▸ **DATASET CONTENT**:
[Start of Attachment]
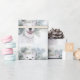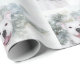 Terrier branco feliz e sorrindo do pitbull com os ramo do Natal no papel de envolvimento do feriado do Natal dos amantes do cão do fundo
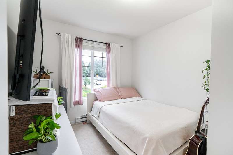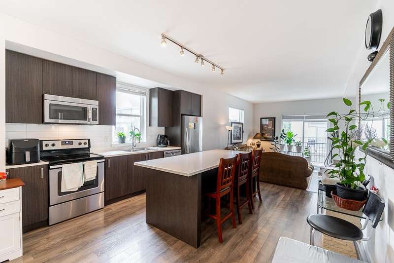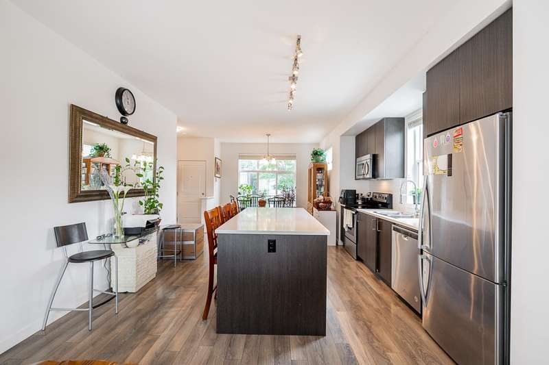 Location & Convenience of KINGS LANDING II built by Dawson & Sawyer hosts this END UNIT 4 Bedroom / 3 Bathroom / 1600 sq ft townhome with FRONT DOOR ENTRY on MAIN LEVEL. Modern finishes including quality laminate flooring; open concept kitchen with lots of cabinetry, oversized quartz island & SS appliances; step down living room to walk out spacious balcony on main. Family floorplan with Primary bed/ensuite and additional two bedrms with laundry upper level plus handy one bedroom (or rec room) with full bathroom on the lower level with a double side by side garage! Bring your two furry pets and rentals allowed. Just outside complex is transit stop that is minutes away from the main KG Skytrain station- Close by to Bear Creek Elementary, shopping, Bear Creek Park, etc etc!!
[End of Attachment]
[Start of Attachment]
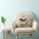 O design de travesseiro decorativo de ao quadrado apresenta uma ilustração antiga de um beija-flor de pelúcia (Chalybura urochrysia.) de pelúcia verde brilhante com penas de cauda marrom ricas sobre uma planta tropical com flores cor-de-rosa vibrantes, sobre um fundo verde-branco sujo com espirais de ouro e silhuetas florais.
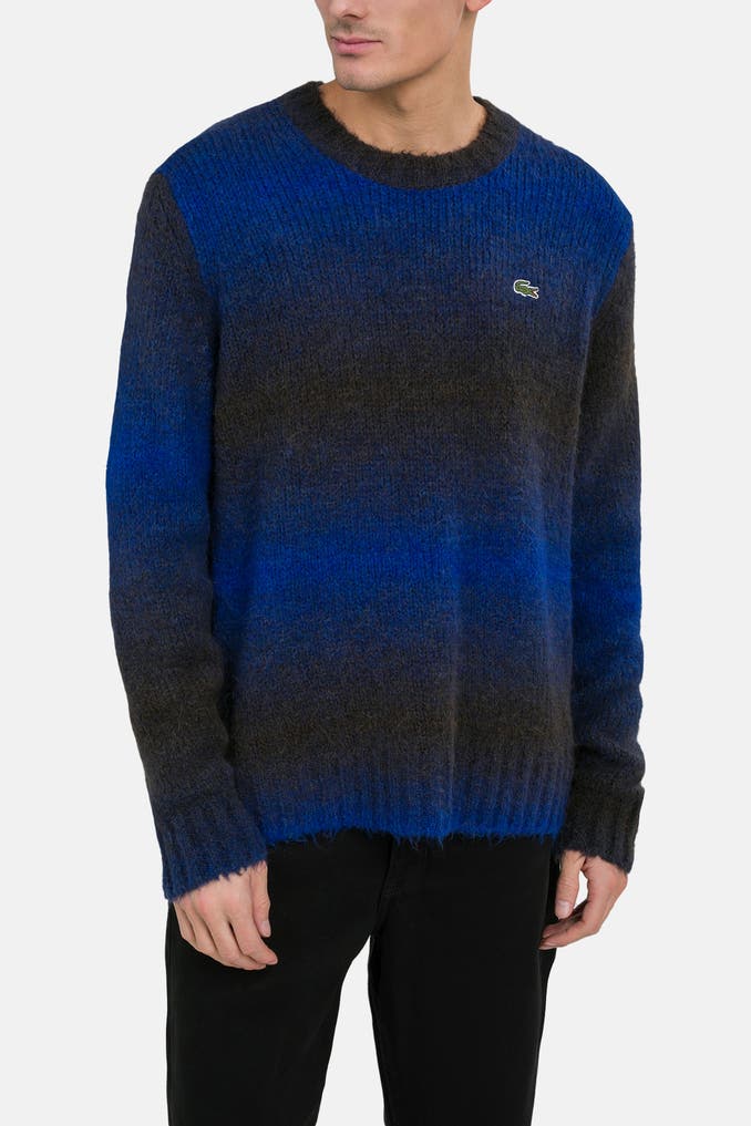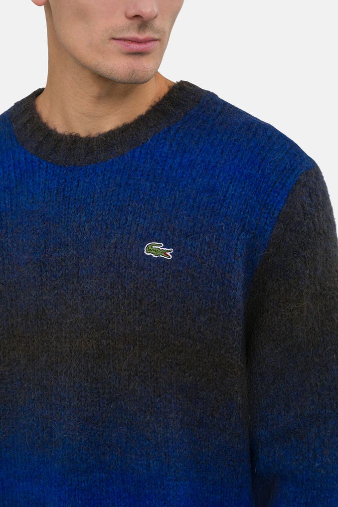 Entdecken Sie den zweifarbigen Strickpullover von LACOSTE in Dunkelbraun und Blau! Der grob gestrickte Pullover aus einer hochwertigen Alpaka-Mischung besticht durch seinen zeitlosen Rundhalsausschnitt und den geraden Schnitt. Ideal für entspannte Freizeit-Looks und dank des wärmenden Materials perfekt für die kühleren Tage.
[End of Attachment]
[Start of Attachment]
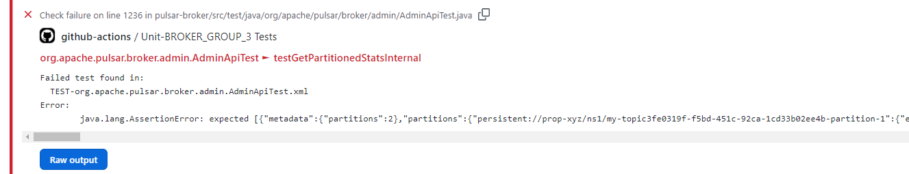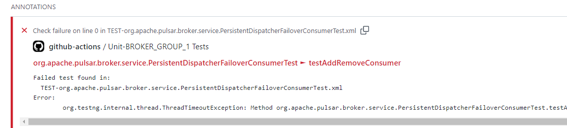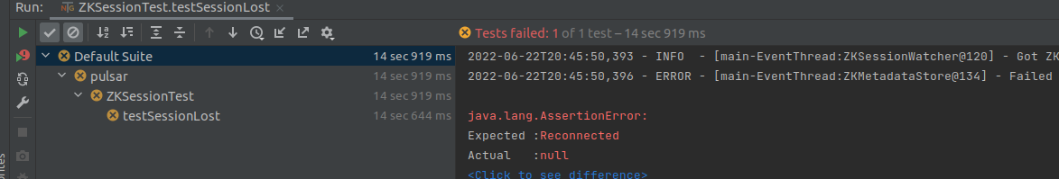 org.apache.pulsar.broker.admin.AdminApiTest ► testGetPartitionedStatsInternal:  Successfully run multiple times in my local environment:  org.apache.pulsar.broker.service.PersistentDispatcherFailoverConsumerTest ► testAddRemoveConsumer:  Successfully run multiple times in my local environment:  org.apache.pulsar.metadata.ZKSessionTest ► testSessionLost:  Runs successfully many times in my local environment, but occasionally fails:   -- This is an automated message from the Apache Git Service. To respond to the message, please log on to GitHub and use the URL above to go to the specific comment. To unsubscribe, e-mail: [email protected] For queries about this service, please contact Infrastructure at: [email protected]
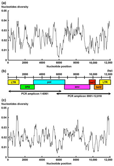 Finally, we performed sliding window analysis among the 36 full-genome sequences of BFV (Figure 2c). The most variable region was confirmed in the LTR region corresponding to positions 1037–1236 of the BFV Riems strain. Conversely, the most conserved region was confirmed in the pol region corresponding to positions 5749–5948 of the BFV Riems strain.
[End of Attachment]
▸ **PROBLEM REQUIREMENTS**:
Set the pictures aside and transcribe exactly the stretch of lines above, beginning with the one holding "O design de" and ending with the one holding "Entdecken Sie den".

▸ **RESULT**:
 O design de travesseiro decorativo de ao quadrado apresenta uma ilustração antiga de um beija-flor de pelúcia (Chalybura urochrysia.) de pelúcia verde brilhante com penas de cauda marrom ricas sobre uma planta tropical com flores cor-de-rosa vibrantes, sobre um fundo verde-branco sujo com espirais de ouro e silhuetas florais.
 Entdecken Sie den zweifarbigen Strickpullover von LACOSTE in Dunkelbraun und Blau! Der grob gestrickte Pullover aus einer hochwertigen Alpaka-Mischung besticht durch seinen zeitlosen Rundhalsausschnitt und den geraden Schnitt. Ideal für entspannte Freizeit-Looks und dank des wärmenden Materials perfekt für die kühleren Tage.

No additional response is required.